In this test, we designed and fabricated two specimens labeled A-1 and A-2, which were both stacked with three pieces of piezoelectric ceramics PZT-5H, as shown in Figure 8. A-1 was in parallel connection mode and A-2 was in series connection mode. Each PZT-5H piece’s size was Φ20.00 × 7.50 mm and the overall size was Φ20.00 × 22.50 mm. The geometric parameters and loading scheme are shown in Table 2 and Table 3.

The open voltage peak–peak value U_p-p, the charge peak–peak value Q_p-p and the converted energy E of A-1 and A-2 are shown in Figure 9.

As seen in Figure 9, in the multilayer stack piezoelectric structure, the series connection voltage was higher and the charge quantity was lower as compared to the parallel connection. The generated electrical energy of specimen A-1 was more than that of A-2, which is not completely in accordance with Equations (7) and (10). This may be due to the differences in the material piezoelectric strain constant d₃₃, the relative dielectric constant ε_r and the accuracy of the measurement method. The charge quantity of A-1 was about three times that of A-2, which is close to the theoretical value. However, the open circuit voltage of A-1 was not about one third that of A-2. The series stack piezoelectric structure has a very high voltage and low current, which is not suitable for power extraction. On the premise that the total height and cross-sectional area of the piezoelectric unit remain unchanged, the parallel structure can optimize the voltage and current by adjusting the number of parallel layers, which cannot be realized by the series structure.

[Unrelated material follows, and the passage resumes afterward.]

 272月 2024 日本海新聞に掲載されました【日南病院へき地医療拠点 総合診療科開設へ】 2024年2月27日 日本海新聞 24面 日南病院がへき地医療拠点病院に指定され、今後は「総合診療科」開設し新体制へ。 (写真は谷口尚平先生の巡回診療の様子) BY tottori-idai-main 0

3.2. Test B: Determination of Number of Piezoelectric Unit Stacking Layers for Parrallel Connection Mode

The voltage and charge are affected by the number of layers of parallel stack structure. In this test, three specimens were designed, fabricated and labeled B-1, B-2 and B-3, which all had a multilayer parallel connection, as shown in Figure 10. The geometric parameters and loading scheme are shown in Table 4 and Table 5.

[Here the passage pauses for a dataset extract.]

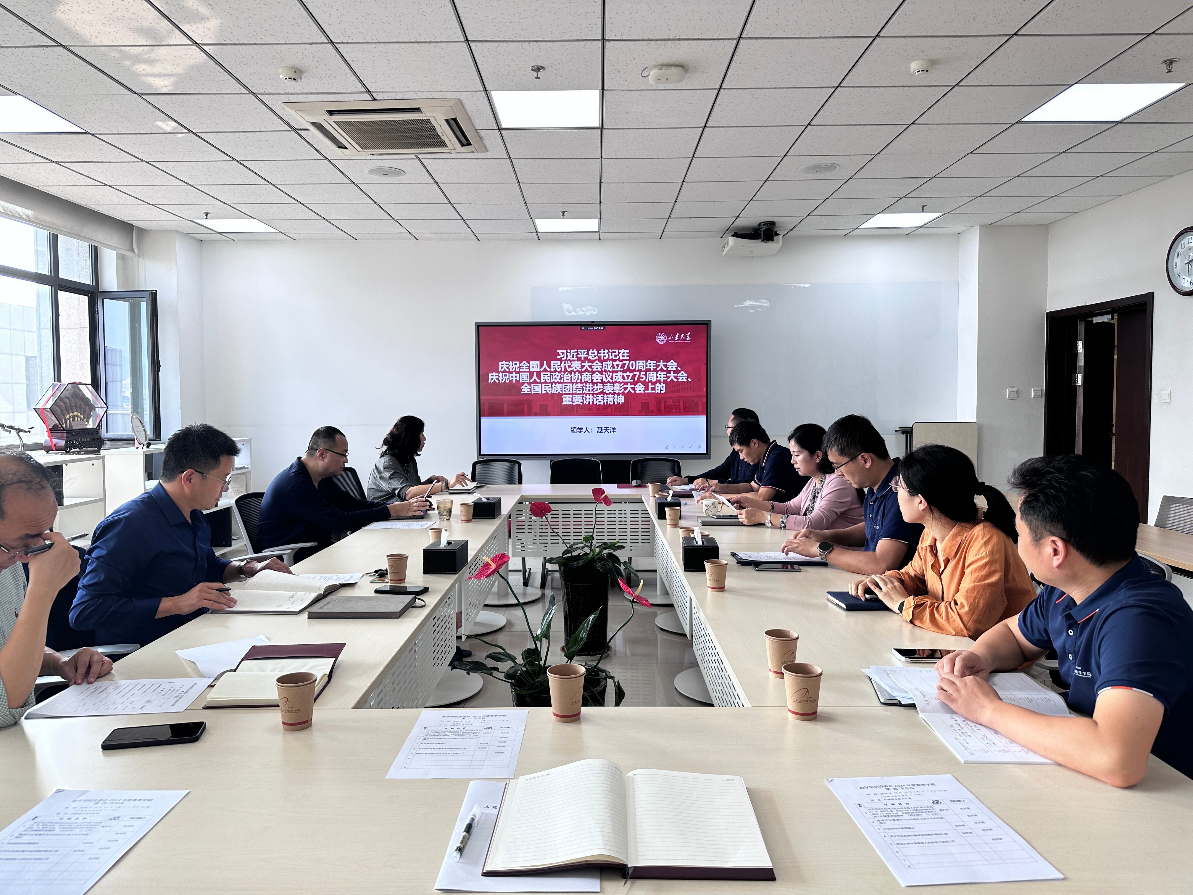 10月14日,3003新葡的京集团党委理论学习中心组举办专题学习,传达学习习近平总书记庆祝全国人民代表大会成立70周年大会、庆祝中国人民政治协商会议成立75周年大会、在全国民族团结进步表彰大会上的重要讲话精神。3003新葡的京集团党委书记王光辉主持,副院长聂天洋领学,学院全体党委委员参加。

The open voltage peak–peak value U_p-p, the charge peak–peak value Q_p-p and the converted energy E of B-1, B-2 and B-3 are shown in Figure 11.

As shown in Figure 11, in the multilayer stack piezoelectric structure of parallel connection, as the number of layers increased, the open circuit voltage decreased and the charge increased. The ratio of charge quantity Q_B-1:Q_B-2:Q_B-3 was close to 3:4:5 and the ratio of open voltage U_B-1:U_B-2:U_B-3 was close to 1/3:1/4:1/5, as shown in Table 6.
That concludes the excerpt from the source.